Nous publions, avec l’accord de ses auteures, un extrait de l’ouvrageLe Viol, un crime presque ordinaire, paru en octobre dernier aux éditions Le Cherche-midi [1]. Le texte qui suit est tiré du chapitre 5 du livre (et reprend son titre).

En 1986, pour la première fois, une victime d’inceste témoigne à visage découvert à la télévision. Eva Thomas, qui vient de publier Le viol du silence [2], est l’invitée de l’émission « Les dossiers de l’écran ». C’est une révélation. Les Français découvrent un crime. Et des millions de victimes réalisent qu’elles ne sont pas seules à avoir vécu un enfer. Les médias participent à dissiper le tabou. Après la diffusion d’un reportage ou la publication d’un article, le nombre d’appels aux associations d’aide aux victimes monte en flèche. Ce fut aussi le cas en 1989, après l’émission « Médiations » que François de Closet consacra aux abus sexuels sur les enfants. Puis en 1995, quand Mireille Dumas dédia un numéro spécial de « Bas les masques » à « L’enfance violée ». Même chose en mai 2011, dans le tourbillon de l’affaire DSK. Le numéro Viols Femmes Informations reçoit alors 40% d’appels de plus qu’à l’habitude. « Ces émissions engagent les téléspectateurs à la vigilance et à l’action, analyse l’historienne Anne-Claude Ambroise-Rendu, spécialiste de criminologie et de l’histoire des médias [3]. On entend et on voit les victimes, qui disent leur mal être, leur incapacité à oublier, à se construire une vie équilibrée. » Les médias sont un révélateur.
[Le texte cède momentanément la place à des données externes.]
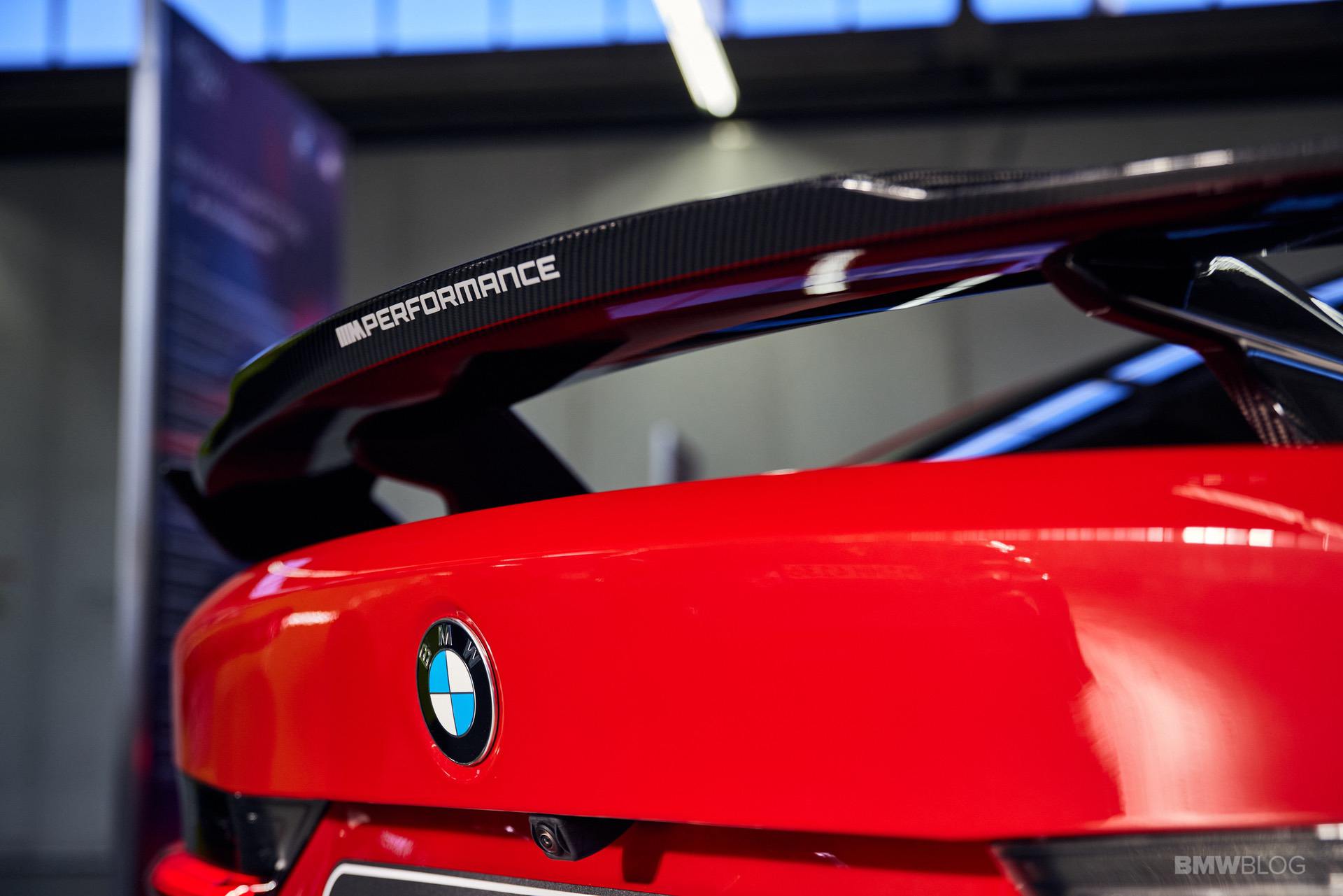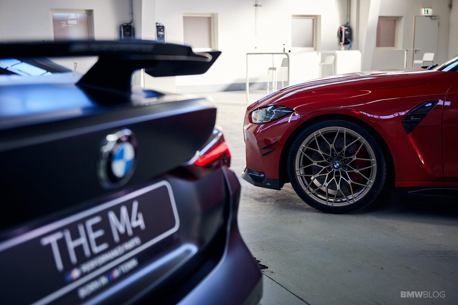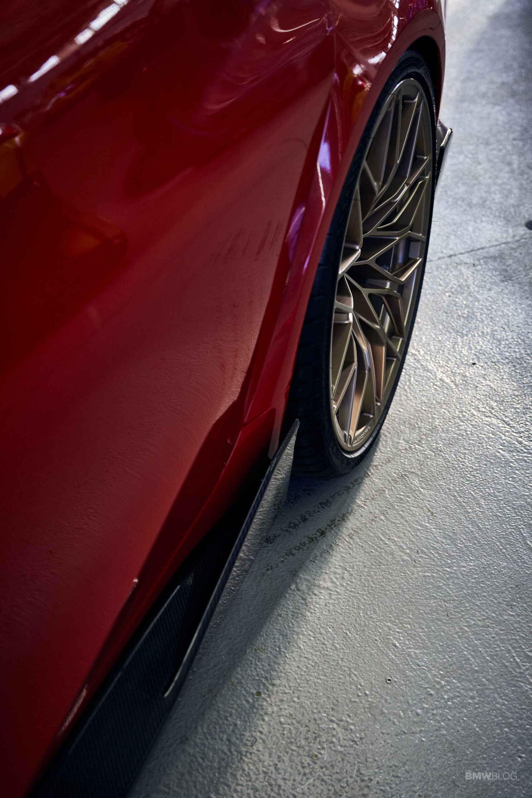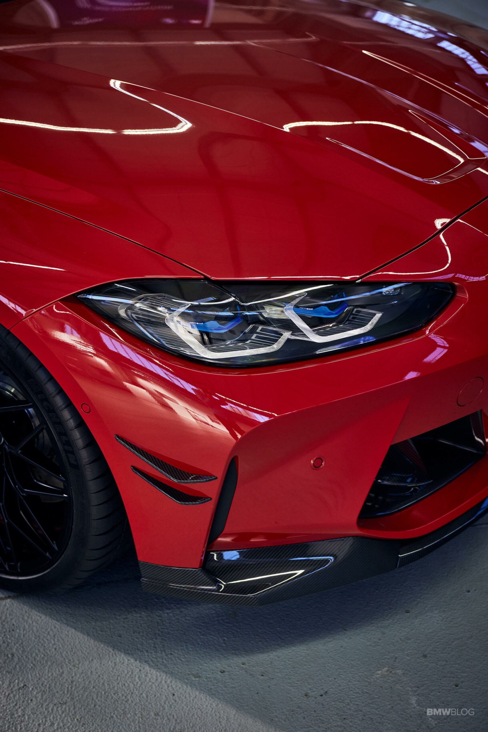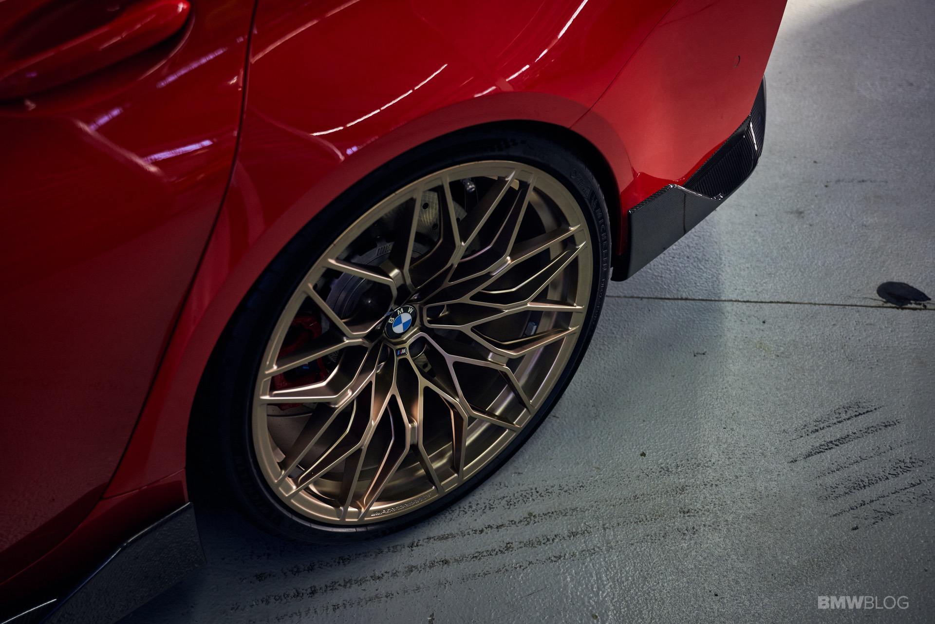 After featuring the new BMW M4 with M Performance Parts just yesterday, today we have another photo gallery. This time is the G80 M3 Sedan which is adorned with M Performance Parts. It also features the Toronto Red color. At the center of those new M Performance Parts is the exhaust system. For the first time, the aftermarket exhaust sports a triangular layout of its titanium pipes and is placed in the middle of the diffuser. The lightweight exhaust system has flap control and weighs around five kilograms less than standard exhaust. It also delivers a sportier sound (video here), thanks to the exhaust gas routing. In addition, the exhaust system is around seven kilograms lighter than the standard version.
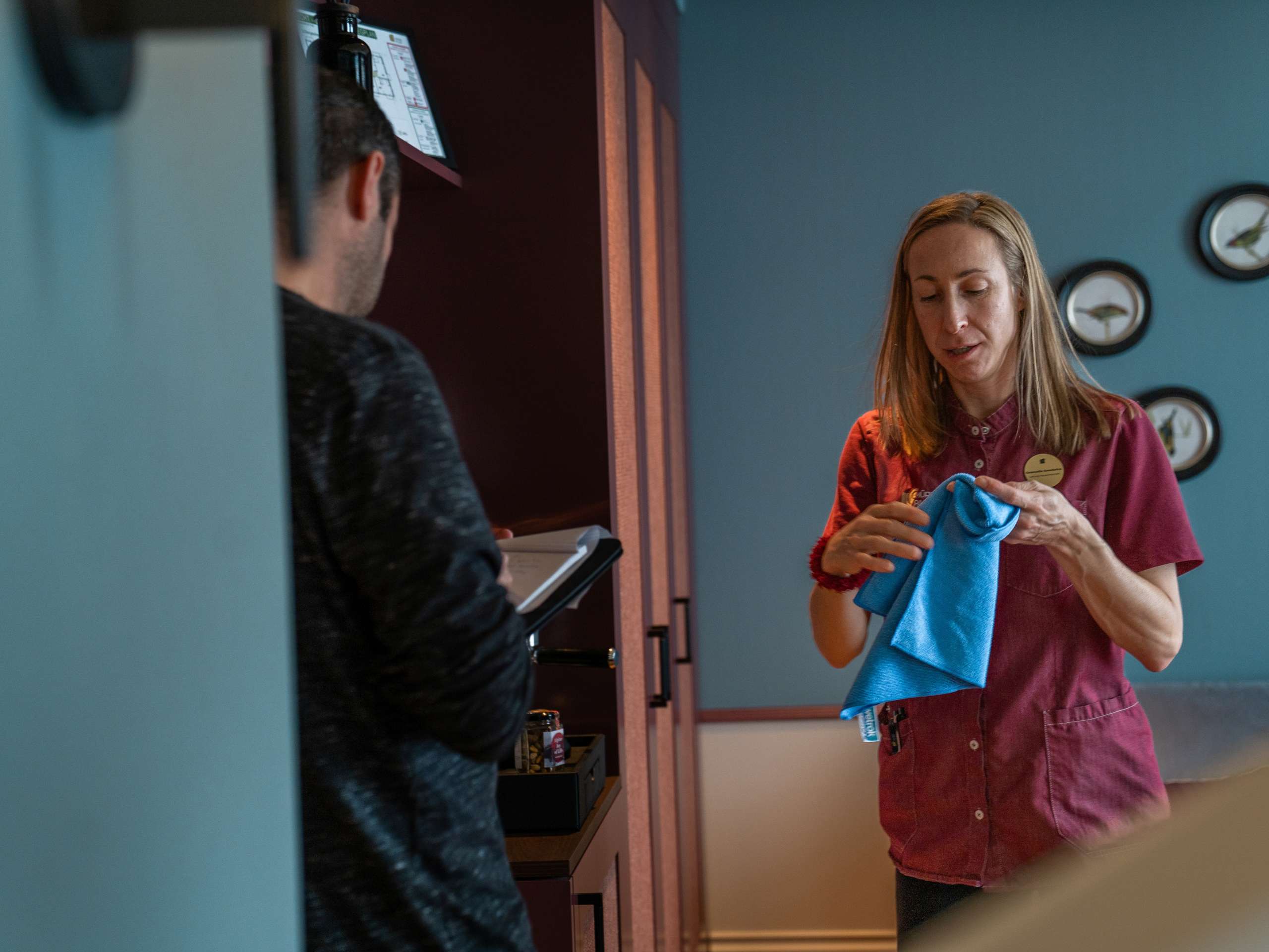 Emanuelle n'est pas seulement responsable du ménage quotidien, mais aussi de la formation des nouvelles employées, qui doivent d'abord assimiler les normes de l'établissement. Comme les postes sont saisonniers, il y a régulièrement des changements. Emanuelle mise sur «l'apprentissage sur le tas», ce qui rend d'autant plus important le suivi individuel.

Mais ils participent aussi à la construction de préjugés et à leur installation dans le paysage social.

Une vérité tronquée

Les journalistes parlent surtout de viol dans deux cas : lors de l’enquête qui suit un dépôt de plainte et au moment du procès d’un agresseur présumé. Or, les viols qui parviennent jusqu’au tribunal représentent moins de 10% de la totalité des cas. Silence sur tous les autres. On perçoit la réalité du crime par le petit bout de la lorgnette. Et le traitement sous forme de fait divers ou de compte-rendu d’audiences les présente comme une somme d’histoires individuelles. De tristes anecdotes qui n’arrivent qu’aux autres.

Dans l’espace médiatique, le violeur en série est largement plus présent que le grand-père agresseur de ses petits-enfants. L’exceptionnel a plus de poids. « Le traitement médiatique du viol ne pourra pas être satisfaisant tant que l’on valorisera les informations les plus spectaculaires et les plus inhabituelles, qui ne sont pas les plus représentatives, prévoit Laurent Mucchielli, chercheur au CNRS et directeur du Centre de recherches sociologiques sur le droit et les institutions pénales (Cesdip). Quand une jeune femme est violée dans un bois en allant faire son footing, tout le monde en parle. Un inceste, presque tout le monde s’en fiche. Les drames à bas bruit, habituels mais invisibles, n’intéressent pas les médias. Parce que ce qui est caché, par la sphère familiale, par exemple, est un objet d’enquête difficile. Les journalistes n’ont pas le temps et se précipitent sur ce qui va vite ». Comment pourrait-il en être autrement ? rétorquent des journalistes. « Les médias parlent de ce qui arrive, de la rupture normale de l’ordre des choses », soutient Anne-Claude Ambroise-Rendu. « La banalité, d’un point de vue journalistique, ça n’est pas intéressant, poursuit Brigitte Vital-Durand, chef du service Informations générales de Libérationjusqu’en 2007 et auteure de J’ai menti [4]. Ça devient le champ de la sociologie. Les journalistes ne sont qu’un reflet de ce qui agite une société à un moment donné. »

Le biais du fait divers

Ce genre journalistique a ses codes. Les pages « Faits divers » sont peuplées de récits de crimes ou de catastrophes. Cette façon de rendre compte du viol influe sur la façon dont nous le percevons.« Pour donner envie de lire ces pages, il faut informer, divertir et faire pleurer madame Michu, lâche la journaliste Natacha Henry, auteure de Les filles faciles n’existent pas [5]. Il faut créer de bons personnages : la traînée, le barbare, le mec paumé. » Le récit en devient plus lisible, mais aussi plus caricatural. « Le problème du viol, selon le chroniqueur judiciaire Paul Lefèvre [6], c’est que c’est une bonne histoire qui fait vendre. Je me rappelle des collègues de presse écrite, à qui les chefs disaient : "pour les détails, je te laisse juge, mais si tu peux avoir la marque de la culotte..." »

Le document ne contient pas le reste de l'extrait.